Second Affiliated Hospital of Guangzhou Medical University

Status and phase

Enrolling
Phase 1

Conditions

CTLA4
Breast Cancer
Solid Tumor, Adult
Brain Tumor
Colo-rectal Cancer
Lung Cancer
PD1
Liver Cancer

Treatments

Biological: TILs and CAR-TILs targeting HER2, Mesothelin, PSCA, MUC1, Lewis-Y, GPC3, AXL, EGFR, Claudin18.2/6, ROR1, GD1, or B7-H3

Study type

Interventional

Funder types

Other

Identifiers

NCT04842812
ZZTIL-012

Details and patient eligibility

About

Tumor infiltration lymphocytes (TILs) have been harvested from advanced cancer patients and constructed to knockout PD1 gene and express scFvs against both PD1 and CTALA4 and CARs against various antigens, followed by transfusion into the patients.
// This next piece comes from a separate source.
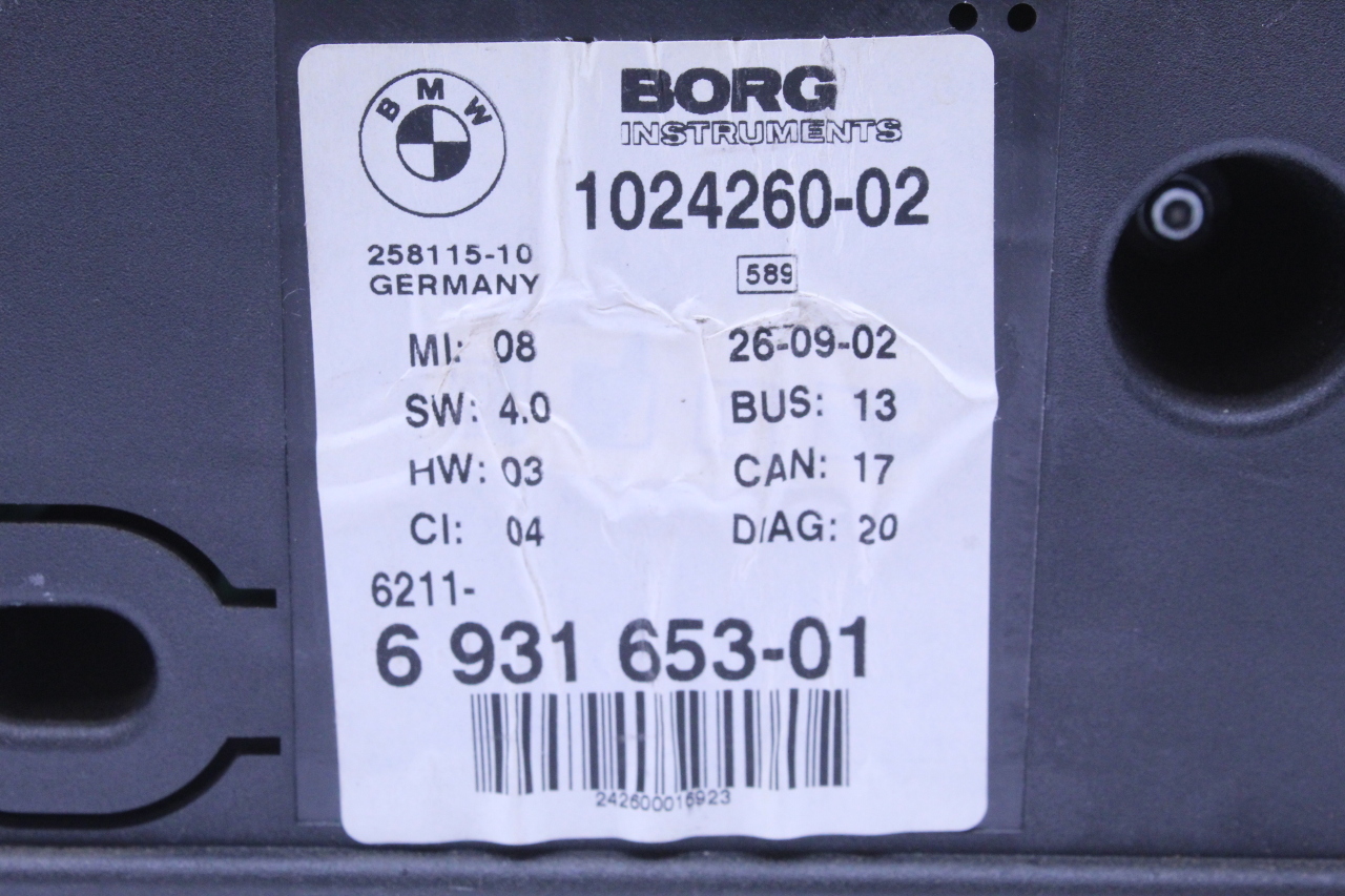 Specialized German is proud to offer this genuine used OEM 2003 BMW Speedometer with OEM part number 62116931653. Other possible part numbers include 6931653. Please verify compatibility with your VIN or consult your technician before purchase.

The safety, tolerance, and preliminary clinical efficacy of the TILs will be evaluated.

Full description

  1. Choose appropriate patients with advanced lung or other cancers, with written consent for this study;
  2. Perform biopsy or collect cancerous effusion in thorax or abdomen to obtain TILs by standard protocol;
  3. Grow TILs and engineered the tumor-effective TILs with CRISPRA-CAS9 technique to knockdown PD1 and electronic-transfection strategy to express scFvs that target PD1 and CTLA4; amplify the engineered T cells as needed, test the quality and killing activity of the TILs and then transfuse them back the patients via systemic or local injections via standard protocol, and follow up closely to collect related parameters as needed;
  4. To enhance the killing capability, tumor-noneffective TILs have also been genetically engineered to express various CARs targeting HER2/Mesothelin/Lewis-Y/PSCA/MUC1/ GPC3/AXL/EGFR/Claudin18.2/B7-H3/ROR1/GD2/AXL/Claudin6-DAP10 with knockdown of PD1/HPK1 as appropriate;
  5. Evaluate the clinical results as needed.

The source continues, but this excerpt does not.